Wayant Billey regularly drives more than an hour for drinking water.
For Billey, a 33-year-old Navajo student from the Standing Rock community in New Mexico, water quality is not an abstract research question. It is part of daily life.
“I live about maybe 10 miles off the road … I don’t really have the amenities that a lot of people have, such as having running water and a reliable heating source. So, I do a lot of water hauling on my day-to-day basis,” says Billey.

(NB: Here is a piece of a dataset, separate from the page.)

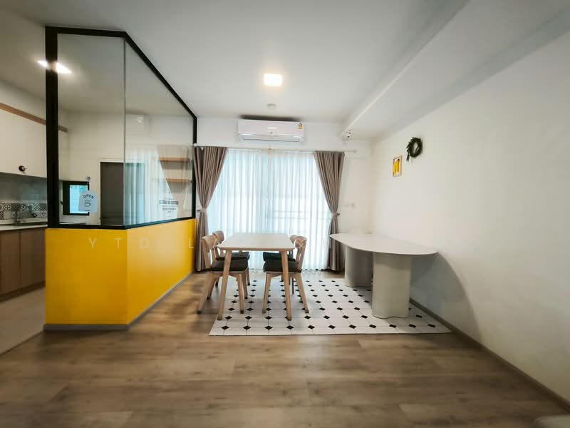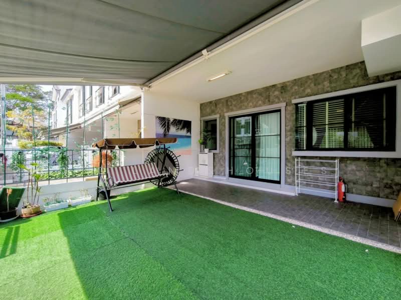 2-storey townhome for rent near Mega Bangna , Greatest location in this area Indy 5 Bangna KM.7, front facing south . Corner house with mezzanine floor. There is an electric awning in front of the house. There is an area on the side and back of the house with tiles around the house. Fully equipped with furniture.

Many families in his area haul water for drinking, livestock and crops, often from sources that may not be safe to consume. Billey has seen how deeply those concerns shape life on the reservation. Now, through his research at Navajo Technical University, he is working on tools that could help communities better understand what is in their water.
Billey is a B.S. student in chemistry at Navajo Technical University, where he works in the lab of Thiagarajan Soundappan, associate professor in NTU’s School of Science and PI for PREM VENTURES — a collaboration between NTU and Harvard University.
Billey’s research focuses on small, low-cost electrochemical sensors made with laser-induced graphene, or LIG, a porous carbon material created by laser-engraving polymer film. The sensors are designed to detect contaminants such as heavy metals, including arsenic, cadmium, lead and copper.
PREM VENTURES
NSF PREM VENTURES will build pathways for Native American students in STEM, from K-12 to graduate school, and address research areas that are important to the Navajo Nation, such as monitoring of abandoned mines, agriculture, elder care, manufacturing and veterinary care.